# Does the Asian Rummynose shoal as well as Rummynose Tetra?



## rawr (15 Jan 2010)

So yeah, simple question really. I would love to hear from someone who's kept these fish (preferably for a decent period of time) and any other information on them that they would like to share.


----------



## rawr (16 Jan 2010)

What great timing! PFK had a nice article about these fish in this month's issue. It was an alright read, still didn't answer the topic question though, so if anyone can help out with that would be great.


----------



## Garuf (16 Jan 2010)

When my LFS had them in they didn't shoal in the slightest. All over the place like Neons.


----------



## wearsbunnyslippers (16 Jan 2010)

> www.seriouslyfish.com



Although it is gregarious by nature it is a shoaling rather than schooling species which develops a distinct pecking order. Males tend to be engaged in a continual battle for dominance, particularly when maintained in small numbers or in the presence of few females. The best way to minimise this behaviour is to purchase more females than males; a ratio of 4:1 or more is ideal. Unfortunately females can be hard to find in aquatic shops because exporters often prefer to ship only the more marketable males. At the very least try to purchase it in sexed pairs or use a larger tank arranged in such a way that many broken lines of sight are provided.


----------



## gratts (17 Jan 2010)

Good 20+ Asian Rummynose in a 500L tank showed no shoaling characteristics at all, quite all over the place. Sometimes they stayed together in a lose general group, but nowhere near the tight shoaling you get with standard Rummynoses.


----------



## George Farmer (17 Jan 2010)

Simple answer, no.

But even rummynose tetra don't shoal when properly settled.


----------



## rawr (17 Jan 2010)

Thanks for all the replies guys, at least everyone agrees.  George, I haven't kept them personally but from what I've heard and even seen in shops they shoal much better than any other fish even when settled. I also read somewhere recently that the Asian Rummynose shoals just as well as the Rummynose Tetra, so wanted to confirm this because if it was true they'd be in my tank!


----------



## bogwood (2 Mar 2010)

*Re: Does the Asian Rummynose shoal as well as Rummynose Tetr*

I had 24in total, equal number of male /female.
Kept them for about a year, before moving them on.

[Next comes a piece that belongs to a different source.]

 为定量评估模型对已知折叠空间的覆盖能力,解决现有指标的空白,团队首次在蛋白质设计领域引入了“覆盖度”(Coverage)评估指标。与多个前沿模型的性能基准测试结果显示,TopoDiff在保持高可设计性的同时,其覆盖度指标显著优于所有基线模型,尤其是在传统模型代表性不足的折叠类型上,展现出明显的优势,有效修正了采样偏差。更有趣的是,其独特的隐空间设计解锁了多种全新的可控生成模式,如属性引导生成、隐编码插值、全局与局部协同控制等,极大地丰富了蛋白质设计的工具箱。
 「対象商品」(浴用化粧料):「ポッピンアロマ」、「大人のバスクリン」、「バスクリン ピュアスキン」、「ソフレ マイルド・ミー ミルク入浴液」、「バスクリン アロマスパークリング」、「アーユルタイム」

The color of the males was amazing,in  particular when sparring up to each other.
I fully support what has already been said about Shoaling.

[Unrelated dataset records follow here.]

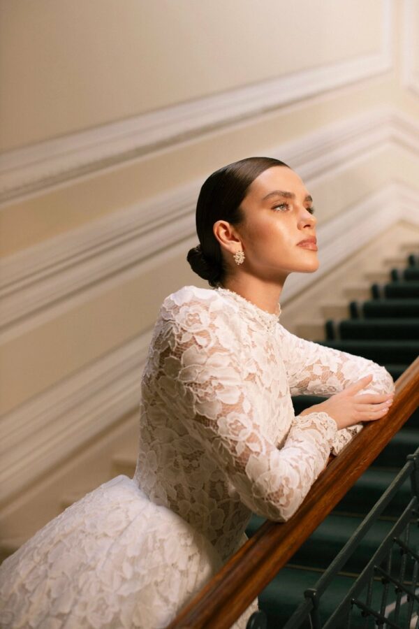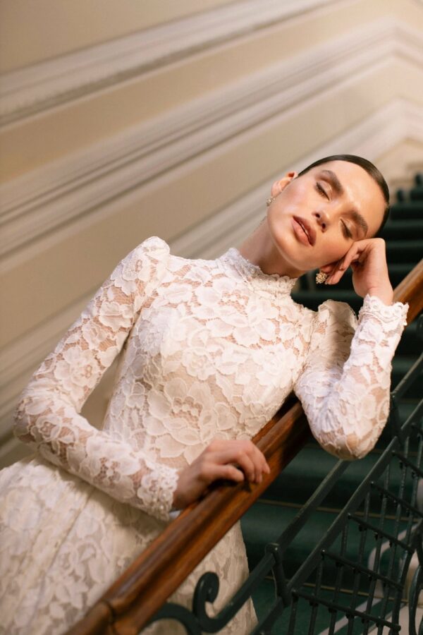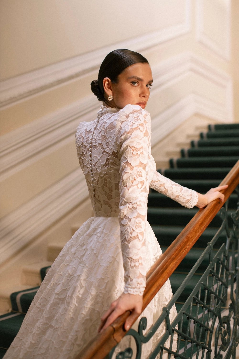 A-line wedding gown with a fitted waist and a layered train skirt. The bodice is crafted with a corset base softened by layers of sheer mesh, overlaid with delicate corded lace. The sculpted waistline in a pointed shape emphasizes the elegance of the silhouette, while the open lace-up back adds a refined touch. Slim lace sleeves with gathered shoulders and a high stand-up collar are embellished with sequins and beads, with scalloped lace edges creating a graceful detail. The full skirt, made of corded lace, mikado, and layers of soft and structured tulle, is gathered into deep pleats at the waist, giving extra volume and a sense of grandeur. Customizable options include a non-sheer corset in ivory or nude shades.
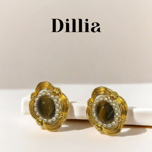 Vintage Pearl Tiger Eye Plated Gold Stud Earrings
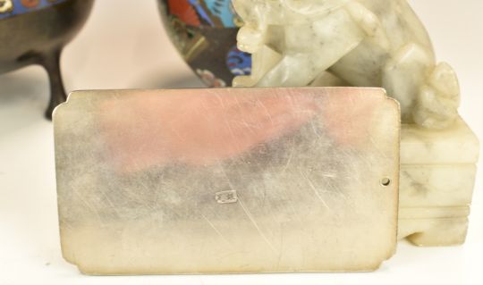 Chinese cloisonné censer, pot pourri, Dogs of Fo, soapstone figures, white metal ingot and a porcelain pin dish with turtle inside etc, tallest 17cm

Mine did there own thing in small groups, dont think i ever saw them shoal, often nervous and spent a great deal of time in the plants, out of sight.


----------



## sanj (2 Mar 2010)

*Re: Does the Asian Rummynose shoal as well as Rummynose Tetr*



			
				George Farmer said:
			
		

> Simple answer, no.
> 
> But even rummynose tetra don't shoal when properly settled.



Mine do, in a shoal that has been going 5 years (not all the same fish or tank). I think the environment has an influence aswell, what else is in the tank with them and what size is the tank. I have always had larger fish in the same environment perhaps that reinforces their nature to stick together more.


----------



## sanj (2 Mar 2010)

*Re: Does the Asian Rummynose shoal as well as Rummynose Tetr*

I meant Rummys not Swbawa ??? Asian Rummies.


----------



## rawr (3 Mar 2010)

*Re: Does the Asian Rummynose shoal as well as Rummynose Tetr*

So what size tank, size shoal and other fish do you have in the tank etc, sanj?


----------



## sanj (3 Mar 2010)

*Re: Does the Asian Rummynose shoal as well as Rummynose Tetr*

Hi currently they are in a 96x24x24, they have been there for coming upto 2 years and are in there with some fish that are 6" such as denisoni barbs but also boesamni and lacustris rainbows. So this is not an average size, but they did start off life with me in a Rena 350 which was 48" long. In there they had Peruvian Angels for company. Numbers have fluctuated over time, upto 50, but currently around 20.

They do get split up, but they soon rejoin the larger group after a short foray.


----------